Paper Structure (21 sections, 6 figures, 2 tables)

This paper contains 21 sections, 6 figures, 2 tables.

Figures (6)

  • Figure 1: For LIME, SHAP and Grad-CAM, (a) shows mean pixel overlap between techniques on the MIMIC-CXR test set. (b) shows mean medical ground truth captured on the VinDr-CXR test set.
  • Figure 2: Analysis by an expert radiologist of explanations generated for a subset of 40 cancerous and 20 healthy chest X-rays. The expert was asked to score explanations between 0 and 3 (see legend). XpertXAI refers to the DT architecture.

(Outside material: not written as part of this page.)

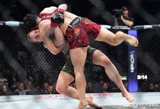 从比赛过程看,张伟丽无论站立和地面都占不到便宜,甚至可以说全场没有任何机会。站立环节打泰拳出身的子弹姐拳腿准度更高,以迎击反击为主,不与张伟丽换拳。而在摔法上子弹姐非常出色,多次将张伟丽摔倒抢占上位。

  • Figure 3: Explanations generated by each XAI technique for a cancerous chest X-ray. (a) shows the ground truth hilar mass. (b) shows LIME (most important = intense green). (c) shows SHAP (most important = green). (d) shows Grad-CAM (most important = red). (e) shows XCBs (concepts with the 5 highest absolute values, positive (+) or negative (-)). (f) shows the radiology report generated by CXR-LLaVA. (g) shows XpertXAI (DT architecture), with the top 2 scoring concepts.

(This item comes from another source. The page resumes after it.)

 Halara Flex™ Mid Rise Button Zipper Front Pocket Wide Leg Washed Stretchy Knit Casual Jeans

  • Figure 4: Example of a cancerous radiology report from the MIMIC-CXR dataset. Clinical concepts extracted ('Nodule') are highlighted by bounding box. Note the negative mention in the final paragraph is not extracted.
  • Figure 5: The pipeline for XpertXAI: We take a chest X-ray as input, which is fed into a trained concept prediction model, producing prediction scores for a pre-set list of clinical concepts. These scores are then input to a trained label prediction model, which outputs the binary classification label. Explanations supporting model decisions are shown as the two highest scoring concepts.